Euro 2020 Special

FIFA Announces Expanded Club World Cup


FIFA have announced ambitions plans to expand the Club World Cup from 7 to 32 teams from 2025 onwards, and also hopes to introduce a female equivalent, with both being held every four years.

In addition, they also plan to stage World Series tournaments, which will feature teams from different Confederations.

The world governing body is looking to expand further its revenue base, although there seems to have been no consideration given to player welfare.


What is the Club World Cup?

The Club World Cup is an annual tournament which sees the winners of each of FIFA’s seven confederations premier competitions meet to decide the overall world champion.

It replaced a game that used to be staged between the winner of the Champions League (Europe) and the Copa Libertadores (South America).

The tournament is regarded with varying degrees of respect. Whilst it is highly prized in South America, it is largely ignored in Europe, where it is regarded as a distraction from domestic seasons.

Despite that, European teams have dominated it in recent years, winning 14 out of the last 15 finals.

The next version will be held in Morocco in February 2023, and will feature seven teams, five of whom have already been decided – Real Madrid (UEFA), Flamengo (CONMEBOL), Sounders FC (CONCACAF), Auckland City Oceania), and Wyland Casablanca (the hosts and winners of African Champions League).

They will be joined by an additional representative from Africa, and the winners of the Asian Champions League.


Why the expansion?

The expansion can be seen as part of a wider attempt to broaden the revenue base of FIFA, who are currently primarily depend on the staging of World Cups to generate most of their income, and they only come along every four years.

It also needs to be viewed in the context of the power struggle with UEFA, the European governing body, who run the Champions League, which is the most prestigious club competition in the world, and also the most lucrative.


FIFA would like to steal some of this money from the Champions League and also some of the appeal, and the Club World Cup is being expanded despite UEFA, and not with their support.

And the timing of the new Club World Cup may also bring the two governing bodies into conflict again, scheduled as it is for June 2025, which is when many players at top European clubs would expect to be on Nations League duties with their countries.


Many details still unclear

Beyond the intention to expand the Club World Cup from seven to thirty-two teams, FIFA have not clarified many details as to how the next competition will work.

For example, on what basis will teams be chosen? Currently on the winners of the Champions League in each Confederation qualify to play in it, but the criteria will need to be expanded in future.

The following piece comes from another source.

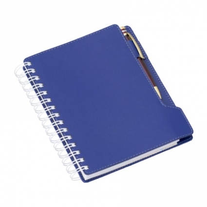 Agenda diária em wire-o, de mesa.Capa em couro sintético. Miolo off-set 63g 1x1 cor. Índice telefônico, Planejamento, Mapa em papel couchê 4x4 cores. Com suporte para canetas. NÃO ACOMPANHA CANETA.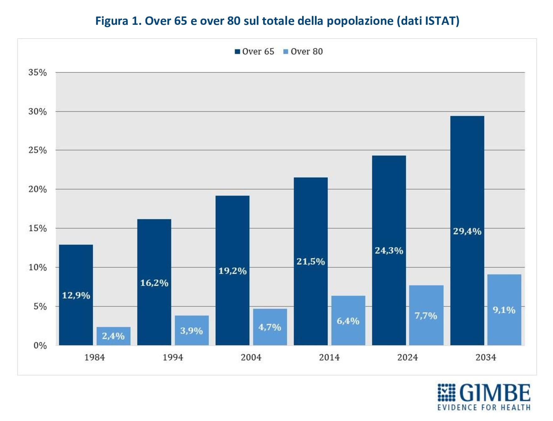 Quadro demografico. «I criteri per definire il numero massimo di assistiti per MMG – spiega Cartabellotta – non hanno mai considerato l’evoluzione demografica degli ultimi 40 anni, né oggi tengono presenti le proiezioni per il prossimo decennio». Infatti, la percentuale di residenti di età ≥65 anni è quasi raddoppiata, passando dal 12,9% (7,29 milioni) nel 1984 al 24% (14,18 milioni) nel 2024. Ancora più marcato l’aumento degli over 80, la cui prevalenza è più che triplicata: dal 2,4% (1,4 milioni) del 1984 al 7,7% (4,5 milioni) nel 2024. Questa tendenza è confermata dalle previsioni ISTAT per il 2034, quando gli over 65 rappresenteranno il 29,4% della popolazione (17,04 milioni) e gli over 80 saliranno al 9,1% (5,28 milioni)

Also, how will the format of the competition be organised – will it be on a straight knock-out basis, or will teams be split into groups first, like in a World Cup?

That will have a direct impact on the number of matches a team can expect to play if they reach the final.


Nobody has asked the players

In all these ambitious plans, one group who do not appear to have been consulted at all are the players. Already the players’ global union FIFPro, has expressed its concern about the amount of games that players are being asked to play, and yet the football schedule continually expands.

Whilst some may argue that those at the top level are very well remunerated, and the money to pay their wages has to come from somewhere, the more games that they play increases the risk of injury and burn-out.

And, in commercial terms, it also diminishes the quality of the product on offer.

Fatigued and half-fit players will not be able to put on the same show as those who are fresh and rested.

An expanded Club World Cup also cuts into valuable holiday time between the end of one season and the start of the next, which will often see them required, by their clubs, to go on valuable pre-season tours, often to distant countries.


Infantino emboldened

However, FIFA president Gianni Infantino has been emboldened to press ahead with these plans, knowing that he already has the votes to be re-elected for a third term in office unopposed. And his prestige has also been enhanced by the success of the Qatar World Cup, at least in commercial terms, which he has claimed as the best yet (conveniently ignored the host of ethical and moral issues surrounding Qatar being chosen to host it in the first place.